No-one ever embarked on hyperinflation intentionally. It was either not properly understood by the perpetrators that printing a lot of money could lead to a breakdown of the currency system, or they believed that they could keep things under control – until control was lost anyway (i.e., just like Bernanke, they were “100% certain”).

As to Japan, either Bernanke is deliberately obfuscating, or he really doesn't know that 'QE' in Japan works slightly differently than in the US. Neither possibility is very comforting. The difference in brief: when the Fed engages in 'QE', it creates almost dollar for dollar as much deposit money as bank reserves. This is not the case in Japan, where the BoJ creates only reserves when it buys securities directly from banks, while concurrent deposit money creation is confined to its purchases from non-banks.
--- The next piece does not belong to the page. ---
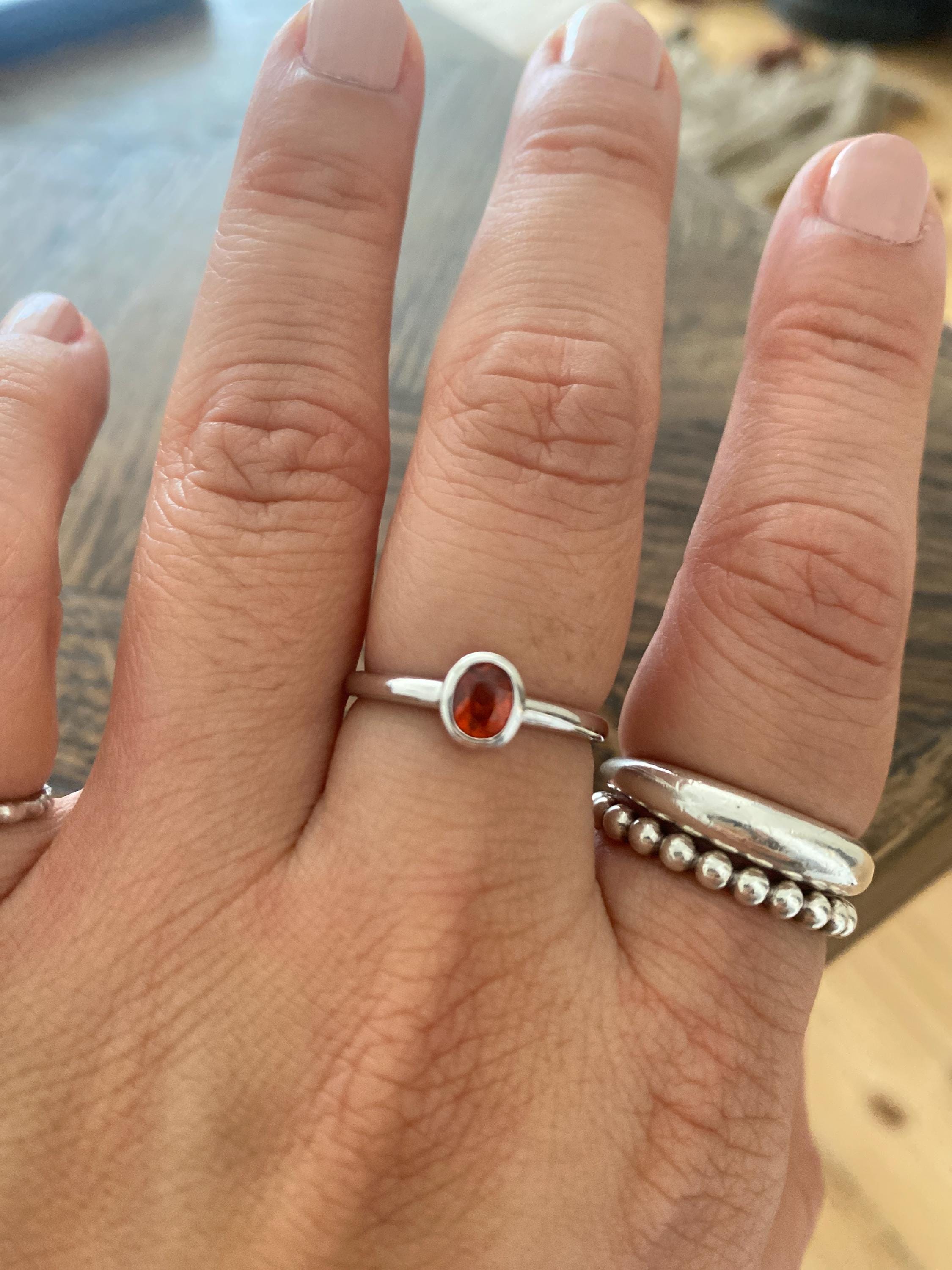 Dainty Genuine Citrine Silver Ring- Oval Orange Stack Bezel Ring- November Birthstone Ring for Children Teen

The reason why it is different in the US is that the primary dealers are legally non-banks, even though most of them belong to banks. Hence, 'QE' by the Fed has created a lot more money supply growth than 'QE' by the BoJ, in spite of the fact that the BoJ's 'QE' program is nominally much larger (currently, the year-on-year growth rate of Japan's money TMS is 5%, which is fairly high for Japan, but still well below both US and euro area money supply growth).

 

 

Japan-TMS-growth y-y-aJapan, money TMS, year-on-year growth rate. At its highest point over the past decade, it was just below 6%. Currently it stands at 5% – click to enlarge.

 

US-TMS-2-y-y-ann-bUS TMS-2 (without memorandum items) year-on-year – even after slowing massively from its peak growth rates, it is still growing at a faster pace today than Japan's money supply grew at the most recent peak – click to enlarge.

 

Bernanke's reply is however erroneous in other respects as well, which we will discuss further below.

 

Abenomics Works! Who Knew?

The other item we came across was an article by Peter Tasker entitled “Is Abenomics Working Too Well?”. We find this extremely funny, because we recently wrote several articles about the many ways in which we believe “Abenomics” is failing. Here is a recent example: “The Abenomics Surprises Just Keep Coming…”.
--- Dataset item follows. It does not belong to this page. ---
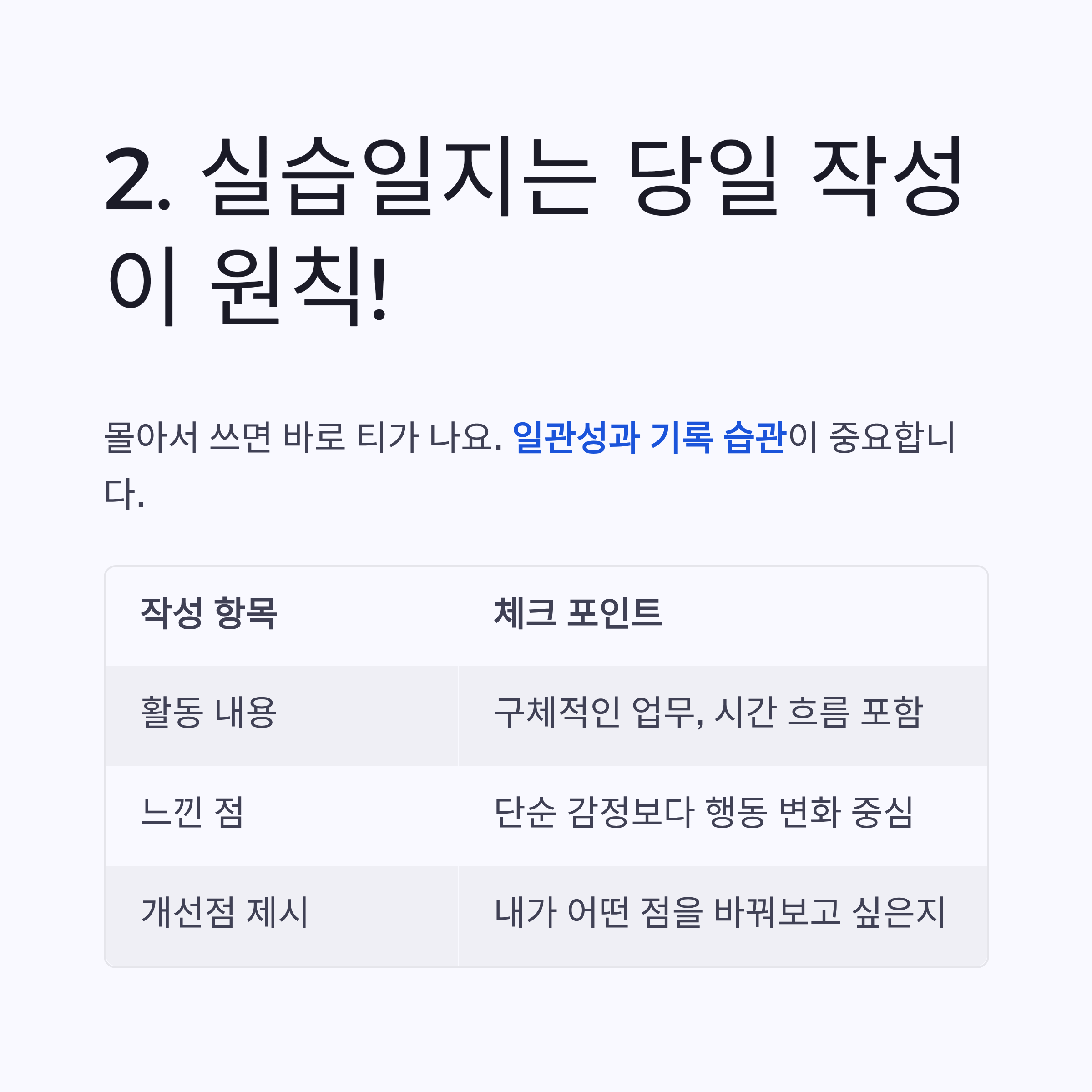 | 개선점 제시 | 내가 어떤 점을 바꿔보고 싶은지 등 |

Here is an excerpt from Tasker's article, who evidently holds that monetary pumping is going to prove a panacea for Japan:

 

“In the battle for top spot in the Economics Premier League, Monetarist United has pulled well ahead of big-spending Keynes City and the hard men of Vienna F.C. That is the message from Japan, where the reflationary policies associated with Prime Minister Abe are producing results much faster than expected. Workers and job-seekers are benefiting, but the effect on the stock market is ambiguous.

From the dawn of Abenomics, the nay-sayers and doomsters were out in force, offering a variety of reasons why it could never work. According to former governor of the Bank of Japan, Masaaki Shirakawa, deflation in Japan was demographic in origin and therefore pre-destined. According to bearish macro traders, apocalypse in the Japanese bond market was a matter of months away.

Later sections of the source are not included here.